— Как барыня. Чего захочет, сама сделает. По дому-то прибирает? Больше порядка-то стало?
— Да и у меня не было грязно.
— Не было, а при ней лучше.
— Конечно, мать завсегда хуже жены. Спасибо и на этом.
— Я разве тебя обижаю?
— А как же? Я к тебе с добром, а ты винишь меня. Или я худа тебе желаю?
— А по совести, так и худа. Зачем же мне ее любить меньше, если я от нее глаз оторвать не могу? И ты брось, маманя, не то осерчаю на тебя.
— Серчай, если совести нет.
Мать начинала плакать, сморкаться в передник, отчего Василий приходил в еще большее раздражение, не понимая, чего матери от него надо. Чем ей не хороша Валентина? И ночью, в жаркой тесноте одеяла, чувствуя Валентину всем своим телом, говорил ей, чтоб она не особо старалась по дому, хватит и его с матерью, а ей достанет дела и в конторе, чтоб берегла свою красоту.

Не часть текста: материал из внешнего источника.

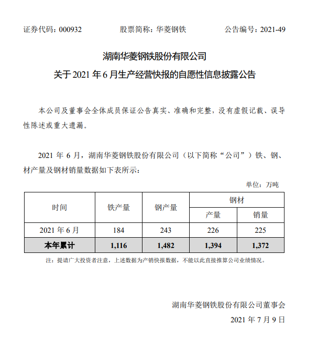華菱鋼鐵:關於2021年6月生產經營快報的自願性信息披露公告
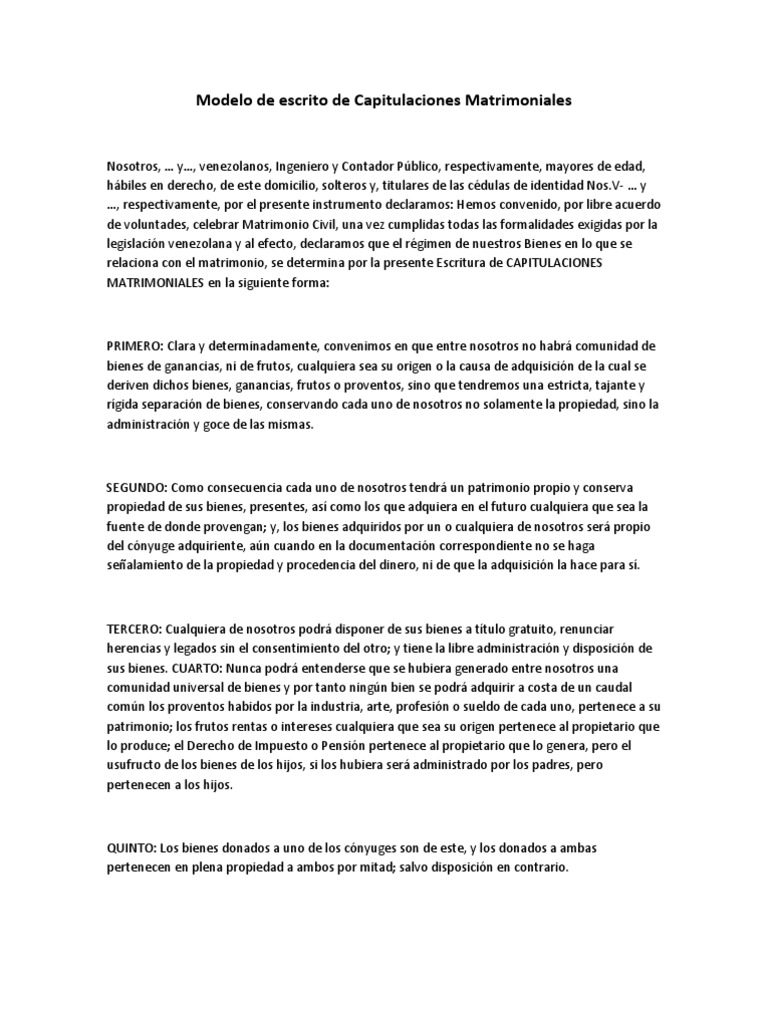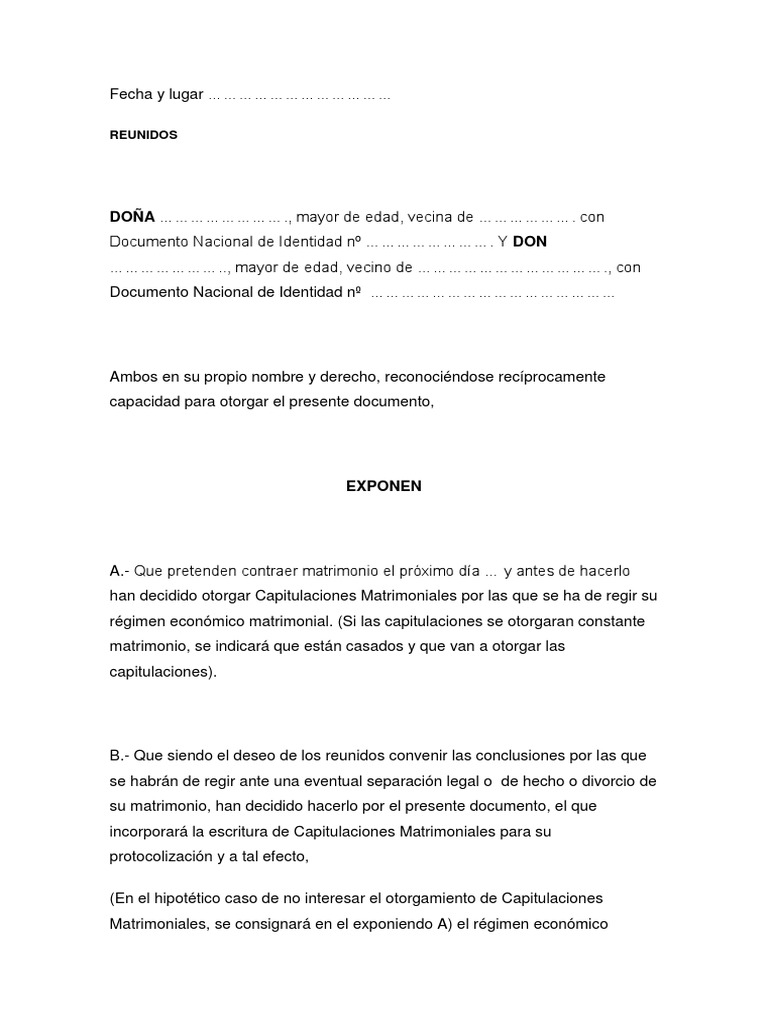 Modelo De Escrito De Capitulaciones Matrimoniales Propiedad Matrimonio

— Ты погляди на баб-то наших, другой и тридцати нет, а с лица уже ничего не возьмешь. Ветром, да солнцем, да морозом так задубит, что и за сорок примешь. Словом, береги свою красоту, а я все и за тебя и за себя по дому сделаю.

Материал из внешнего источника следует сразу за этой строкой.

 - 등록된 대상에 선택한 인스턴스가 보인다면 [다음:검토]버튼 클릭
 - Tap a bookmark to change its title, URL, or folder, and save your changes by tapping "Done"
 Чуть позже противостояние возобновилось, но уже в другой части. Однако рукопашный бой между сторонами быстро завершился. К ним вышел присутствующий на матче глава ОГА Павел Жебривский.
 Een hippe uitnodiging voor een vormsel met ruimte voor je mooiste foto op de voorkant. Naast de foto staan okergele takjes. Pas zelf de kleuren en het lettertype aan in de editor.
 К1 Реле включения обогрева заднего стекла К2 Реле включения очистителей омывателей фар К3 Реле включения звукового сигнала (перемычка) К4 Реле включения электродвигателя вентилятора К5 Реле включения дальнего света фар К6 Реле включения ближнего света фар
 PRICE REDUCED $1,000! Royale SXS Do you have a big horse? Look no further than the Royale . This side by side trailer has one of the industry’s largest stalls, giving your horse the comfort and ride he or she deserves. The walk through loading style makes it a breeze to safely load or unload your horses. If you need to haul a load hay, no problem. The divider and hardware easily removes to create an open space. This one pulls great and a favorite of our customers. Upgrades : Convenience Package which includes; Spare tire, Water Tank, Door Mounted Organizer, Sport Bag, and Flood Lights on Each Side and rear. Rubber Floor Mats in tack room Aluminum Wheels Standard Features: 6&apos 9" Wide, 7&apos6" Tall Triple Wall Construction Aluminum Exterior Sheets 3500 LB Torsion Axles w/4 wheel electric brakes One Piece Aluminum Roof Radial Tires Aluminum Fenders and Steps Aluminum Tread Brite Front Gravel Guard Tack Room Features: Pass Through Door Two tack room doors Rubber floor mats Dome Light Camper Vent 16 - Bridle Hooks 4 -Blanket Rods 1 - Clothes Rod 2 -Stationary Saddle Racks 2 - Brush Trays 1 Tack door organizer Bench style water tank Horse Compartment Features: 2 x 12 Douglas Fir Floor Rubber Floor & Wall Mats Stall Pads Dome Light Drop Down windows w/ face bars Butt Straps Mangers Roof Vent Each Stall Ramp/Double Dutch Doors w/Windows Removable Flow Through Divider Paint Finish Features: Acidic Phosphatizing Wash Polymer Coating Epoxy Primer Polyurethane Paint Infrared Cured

И делал. И так споро и легко, что, казалось, и дрова сами собой ложились в длинные поленницы, и огород сам разделывался на аккуратные гряды, и порядок во всем и повсюду был на дворе.

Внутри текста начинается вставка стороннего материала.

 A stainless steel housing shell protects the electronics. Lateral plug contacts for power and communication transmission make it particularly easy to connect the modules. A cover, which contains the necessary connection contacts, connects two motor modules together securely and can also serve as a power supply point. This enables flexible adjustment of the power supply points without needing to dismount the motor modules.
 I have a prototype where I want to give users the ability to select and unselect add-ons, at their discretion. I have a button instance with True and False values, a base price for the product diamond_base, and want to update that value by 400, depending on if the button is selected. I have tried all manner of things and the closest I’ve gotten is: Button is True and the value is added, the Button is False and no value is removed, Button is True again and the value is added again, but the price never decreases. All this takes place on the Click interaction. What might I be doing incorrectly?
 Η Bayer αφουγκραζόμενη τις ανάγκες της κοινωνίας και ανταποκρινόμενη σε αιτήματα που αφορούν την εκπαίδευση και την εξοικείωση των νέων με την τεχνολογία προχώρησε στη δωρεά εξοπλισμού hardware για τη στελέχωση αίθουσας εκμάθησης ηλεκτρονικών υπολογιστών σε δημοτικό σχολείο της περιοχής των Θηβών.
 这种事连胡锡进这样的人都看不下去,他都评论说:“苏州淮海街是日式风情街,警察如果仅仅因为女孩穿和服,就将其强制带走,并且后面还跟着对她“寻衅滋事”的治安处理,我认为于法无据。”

И вдруг все рухнуло. По совхозу прошел слух, что Валентина спуталась с агрономом Нечаевым, веселым, рослым мужиком. Об этом Василию сказал его напарник, тракторист Семка Гуляев, барахолистый парень.
— Чего ты сказал? — будто бы и не придав значения Семкиным словам, спросил Василий.
— Да вот чего болтают, то и сказал.
— А ты, что ж, поверил, чего болтают?
— А хрен его знает, я так, по-дружески тебе сообщил.
— По-дружески? Это про Валентину-то? — и тут же кулаком свалил Семку наземь, и не успел Семка вскочить, как Василий сшиб его ногой и пригрозил, что убьет, если еще когда Семка позволит себе такое про Валентину.
— Гад ты этакий!
Он отработал на пахоте весь положенный ему день старательно, без огрехов, но не было той минуты, чтоб не думал о Семке, о том, что какая-то гадина пустила грязный слух, а Семка, дурак, несет его, и что надо непременно узнать, кто пустил эту грязь, и как следует рассчитаться. С этой мыслью он покинул полевой стан и шел по поселку домой, враждебно присматриваясь ко встречным, в каждом подозревая того самого, кто пустил грязный слух.
Дома была только мать.
— Валя-то где? — спросил он, умываясь.
— На работе, верно, теперь с севом-то она, как и ты, допоздна пропадает.
— Да? — Василий искоса поглядел на мать, не утаивает ли чего, может и сама подозревает неладное. Но на старом лице со скорбно поджатыми губами ничего не увидал.
— Будешь ужинать?
— Давай... Впрочем, схожу к конторе, встречу ее. А то и потороплю, чтоб кончала. Чего не жалеет себя...
И пошел.
В конторе ее не было. Это его неприятно удивило. Он постоял в раздумье некоторое время и направился к клубу — может, там она? Но и в клубе ее не было.
— Чего мотаешься? — спросил Кухлин, тракторист из соседней бригады, вместе на курсах учились.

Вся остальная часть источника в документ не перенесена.